In the same collection for forty years before coming to the current owner, Warming the Wires is a livable picture, a friendly canvas, a sizable fraction of Frankenthaler to be cherished. John Elderfield, author of the artist’s seminal monograph, comments precisely on the present painting, reveling in the “intimacy between image and ground” featured in the “tangibly constructed picture, built from slabs and pieces of paint surface” (J. Elderfield, Helen Frankenthaler, New York, 1989, p. 278). To work on a grand scale yet nurture opportunities for personal connection with the painting is the mark of the genius; verily, nestled among the sweeping sections are striking surprises – a bit of orange here, a bit of fuchsia there – geared towards never-ending stimulation. Constant looking is incapable of taking in every nuance; even Frankenthaler herself surrendered to what the picture held for her: “Truth comes when one is totally involved in the act of painting... Consciously and unconsciously, the artist allows what must happen to happen. That act connects you to yourself and gives you hope” (H. Frankenthaler, quoted in After Mountains and Sea: Frankenthaler 1950-59, exh. cat., Solomon R. Guggenheim Museum, New York, 1998, p. 46). Ever the artist of hope, Frankenthaler, in Warming the Wires, gently takes the artist’s static accessories – acrylic, canvas, stretcher – and breathes hot life into a hitherto chilly apparatus.
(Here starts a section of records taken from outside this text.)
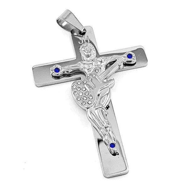 Croix guitare JOHNNY HALLYDAY en acier 316 - Couleur argenté - 5.5 cm pierre bleu avec cordon cuir
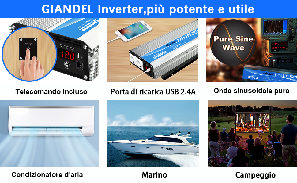 Informazioni su questo articolo GIANDEL 3000Watts inverter a onda sinusoidale pura fornisce 3000W di potenza continua, 6000W di picco di potenza, doppie prese AC e porta USB 1x2.4A Con un telecomando: lunghezza del cavo 15 piedi, comodo da controllare ON / OFF. Le prese AC da 220V 230V 240V Forniscono una potenza continua da continua a AC da 3000 watt che può essere utilizzata per emergenza, campeggio e per auto, casa, camper, solare. Tecnologia Soft Start e progettazione ingresso / uscita isolata e protezioni complete di sicurezza: protezione da sovratensione, sovraccarico, sovratensione, sottotensione, surriscaldamento, cortocircuito Il robusto e resistente alloggiamento in lega di alluminio offre una protezione avanzata da cadute e urti. La ventola di raffreddamento integrata aiuta a ridurre il calore e previene le carenze. Il prodotto ha un'assicurazione AIG: L'assicurazione sulla responsabilità civile del prodotto è coperta dalla compagnia assicurativa AIG. 12 mesi di garanzia › Visualizza altri dettagli prodotto Informazioni su questo articolo GIANDEL 3000Watts inverter a onda sinusoidale pura fornisce 3000W di potenza continua, 6000W di picco di potenza, doppie prese AC e porta USB 1x2.4A Con un telecomando: lunghezza del cavo 15 piedi, comodo da controllare ON / OFF. Le prese AC da 220V 230V 240V Forniscono una potenza continua da continua a AC da 3000 watt che può essere utilizzata per emergenza, campeggio e per auto, casa, camper, solare. Tecnologia Soft Start e progettazione ingresso / uscita isolata e protezioni complete di sicurezza: protezione da sovratensione, sovraccarico, sovratensione, sottotensione, surriscaldamento, cortocircuito Il robusto e resistente alloggiamento in lega di alluminio offre una protezione avanzata da cadute e urti. La ventola di raffreddamento integrata aiuta a ridurre il calore e previene le carenze. Il prodotto ha un'assicurazione AIG: L'assicurazione sulla responsabilità civile del prodotto è coperta dalla compagnia assicurativa AIG. 12 mesi di garanzia › Visualizza altri dettagli prodotto Product details
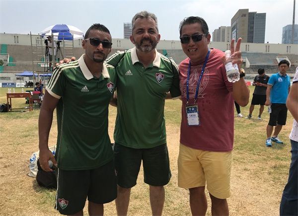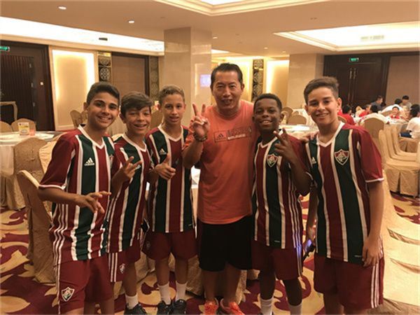参加2017年金砖五国少年足球邀请赛期间,黄勇与巴西少年部分足球运动员合影。
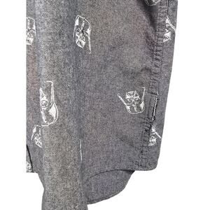 This Star Wars short-sleeved button-down shirt features an all-over Darth Vader Helmet print in white over a base color of medium gray.. There is a pocket on the left chest, and it has a button-down collar. The shirt has been very gently worn. At the time of photographing I noticed a flaw on the left bottom seam where there is some fraying, but no tear or hole. The shirt is in otherwise in VERY GOOD, PRE-OWNED CONDITION. It is a Men's Size XXL, but please refer to measurements below.
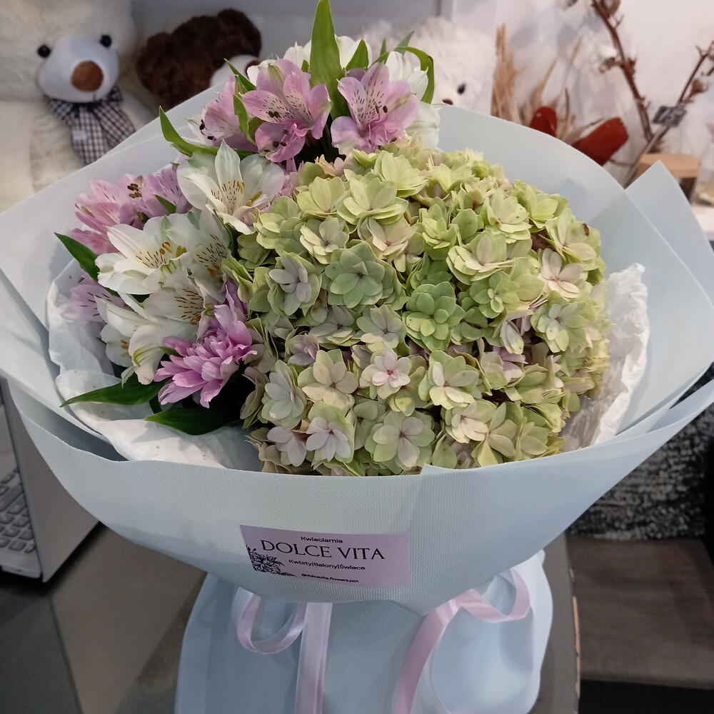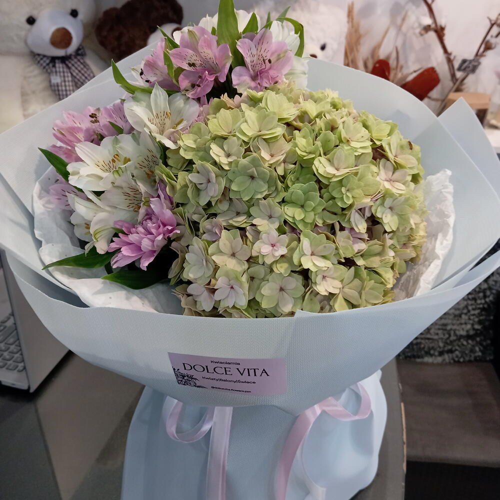 alstroemeria mix - 5 un. crisântemo - 1 un. hortênsia - 1 un.
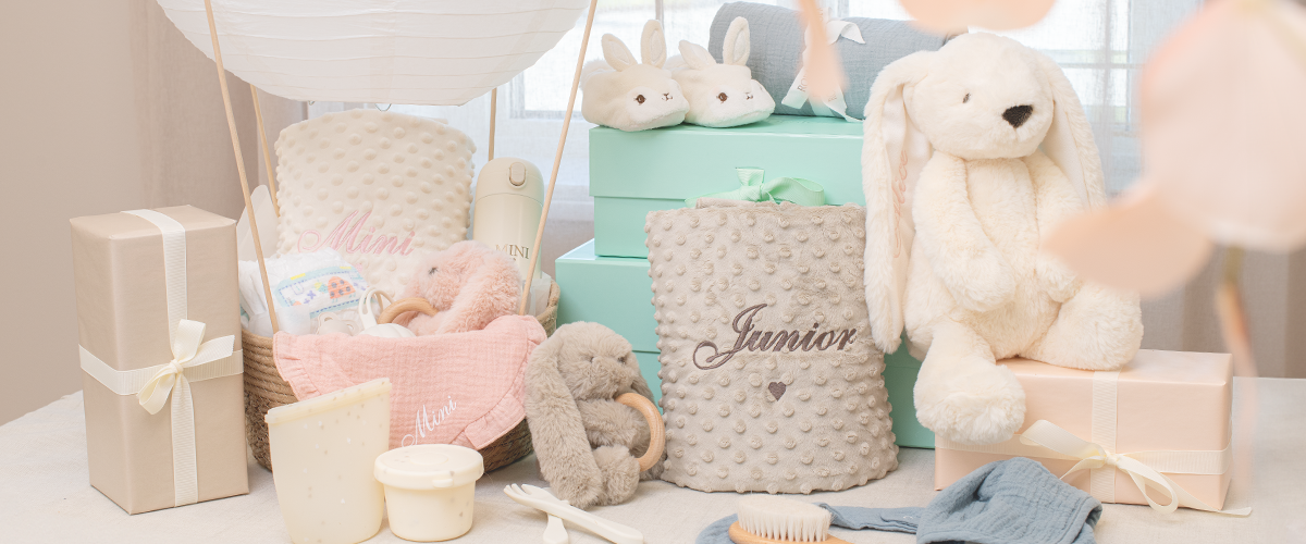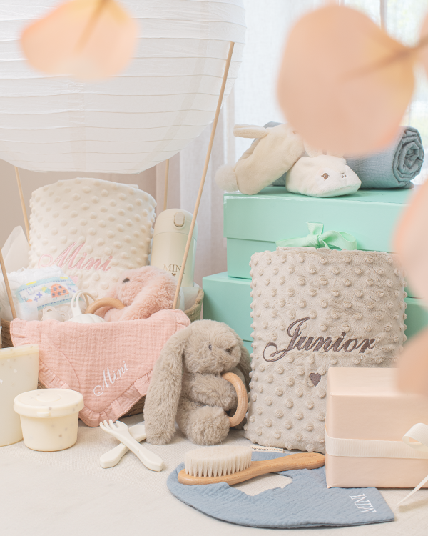 Tervetuloa valikoimaamme, jossa tarjoamme henkilökohtaisia babyshower-lahjoja, niin tytölle kuin pojallekin, sekä ylellisiä babyshower-lahjoja ja tyylikkäitä babyshower-lahjalaatikoita. Autamme sinua löytämään tavan juhlistaa tätä erityistä odotusaikaa. Henkilökohtaiset lahjamme vauvakutsuihin antavat sinun luoda jotain todella erityistä ja maagista. Valitse laajasta tuotevalikoimastamme pehmeistä peitoista lumoaviin, persoonallisiin leluihin.

With her mark-making taking center stage, the present lot testifies to Frankenthaler’s courage in the face of a controversial art world – one in favor of control rather than freedom. Warming the Wires is not just liberated – it is a celebration of such liberation, playing with form in the eggshell interruption of viridian and the grassy stroke nudging its way along the upper right edge, yet refraining from telling form what to do. Frankenthaler is the conductor, the pigments her instruments – she searches for sound and allows herself to enjoy what she hears. Sit and stay awhile, listen to the symphony, look a long time, cool your heels and warm the wires.